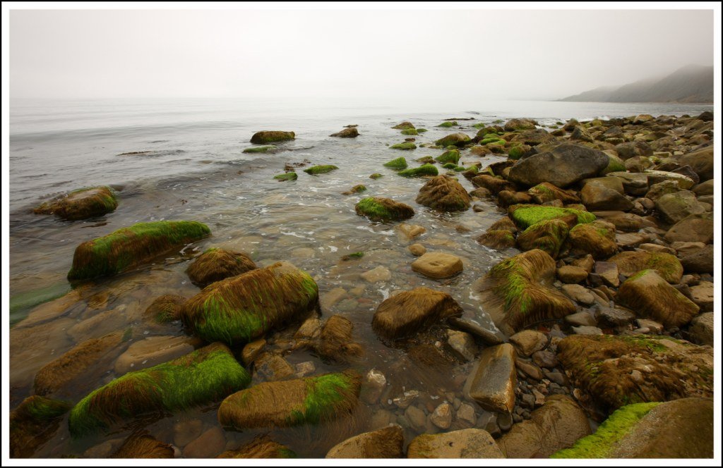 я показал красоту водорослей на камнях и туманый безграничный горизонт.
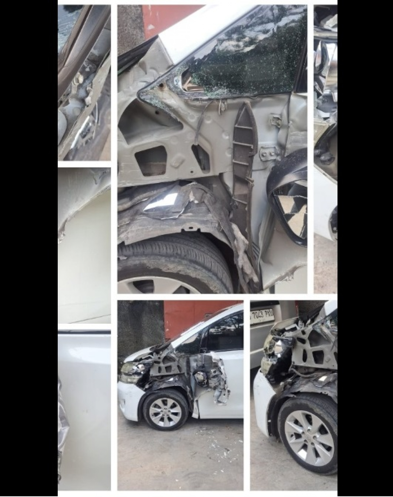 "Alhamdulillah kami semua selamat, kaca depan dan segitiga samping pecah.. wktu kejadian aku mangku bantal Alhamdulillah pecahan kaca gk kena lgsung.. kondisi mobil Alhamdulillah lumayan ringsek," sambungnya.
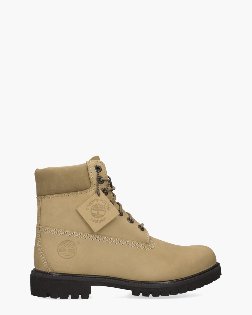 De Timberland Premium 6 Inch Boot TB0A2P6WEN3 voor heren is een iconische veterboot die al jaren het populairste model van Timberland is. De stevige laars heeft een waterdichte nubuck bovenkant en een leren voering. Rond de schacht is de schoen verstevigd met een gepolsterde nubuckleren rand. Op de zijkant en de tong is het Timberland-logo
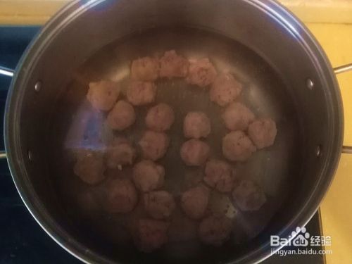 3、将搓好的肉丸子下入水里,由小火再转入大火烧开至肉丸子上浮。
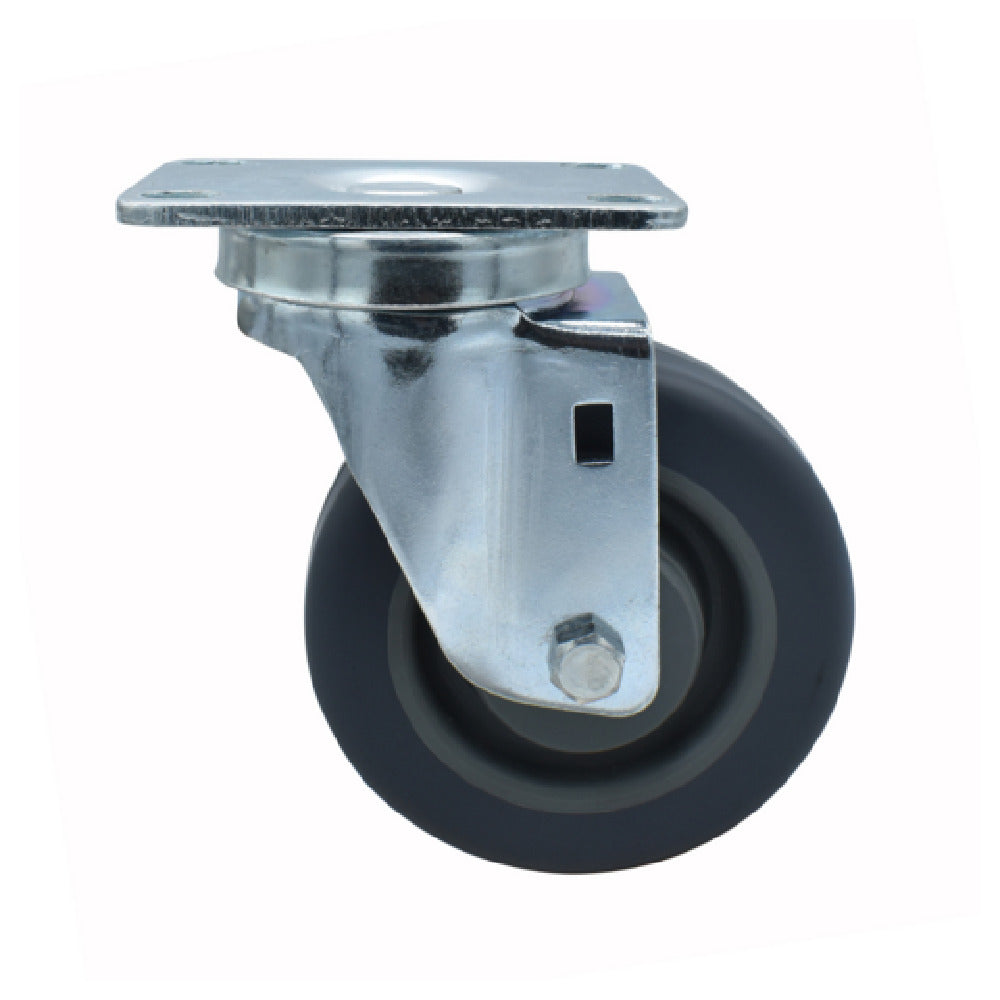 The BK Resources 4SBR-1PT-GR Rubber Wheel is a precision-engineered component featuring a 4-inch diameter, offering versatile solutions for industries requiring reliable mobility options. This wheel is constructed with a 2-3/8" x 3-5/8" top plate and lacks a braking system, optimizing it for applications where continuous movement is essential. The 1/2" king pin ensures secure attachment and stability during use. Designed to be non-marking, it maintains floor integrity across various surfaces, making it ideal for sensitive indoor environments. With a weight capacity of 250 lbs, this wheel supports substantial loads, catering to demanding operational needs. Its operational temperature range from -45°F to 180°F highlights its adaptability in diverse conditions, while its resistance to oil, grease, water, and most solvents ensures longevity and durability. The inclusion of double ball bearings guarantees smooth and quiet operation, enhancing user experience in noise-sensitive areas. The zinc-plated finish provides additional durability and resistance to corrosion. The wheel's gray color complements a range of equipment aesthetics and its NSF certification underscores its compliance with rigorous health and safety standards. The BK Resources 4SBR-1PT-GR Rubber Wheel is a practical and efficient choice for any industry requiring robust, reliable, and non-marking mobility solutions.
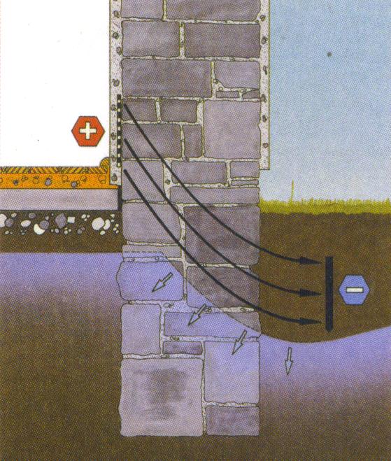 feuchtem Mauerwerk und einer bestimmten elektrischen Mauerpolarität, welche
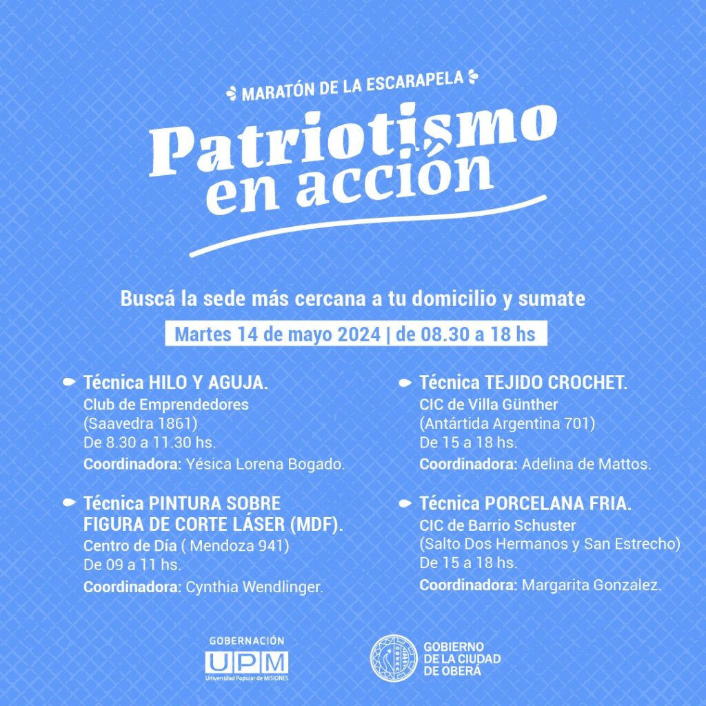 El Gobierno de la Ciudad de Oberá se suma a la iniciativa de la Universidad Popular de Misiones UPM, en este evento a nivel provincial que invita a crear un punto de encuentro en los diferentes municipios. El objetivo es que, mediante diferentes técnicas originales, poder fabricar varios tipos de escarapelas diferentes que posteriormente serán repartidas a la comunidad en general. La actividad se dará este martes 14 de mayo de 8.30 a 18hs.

* **ABOUT THIS EXERCISE**
Transcribe only this stretch of the data: the line with "semua selamat, kaca", the line with "3、将搓好的肉丸子下入水里,由小火再转入大火烧开至肉丸子上浮。", and every line in between. Leave out the pictures.

* **RESULT**
 "Alhamdulillah kami semua selamat, kaca depan dan segitiga samping pecah.. wktu kejadian aku mangku bantal Alhamdulillah pecahan kaca gk kena lgsung.. kondisi mobil Alhamdulillah lumayan ringsek," sambungnya.
 De Timberland Premium 6 Inch Boot TB0A2P6WEN3 voor heren is een iconische veterboot die al jaren het populairste model van Timberland is. De stevige laars heeft een waterdichte nubuck bovenkant en een leren voering. Rond de schacht is de schoen verstevigd met een gepolsterde nubuckleren rand. Op de zijkant en de tong is het Timberland-logo
 3、将搓好的肉丸子下入水里,由小火再转入大火烧开至肉丸子上浮。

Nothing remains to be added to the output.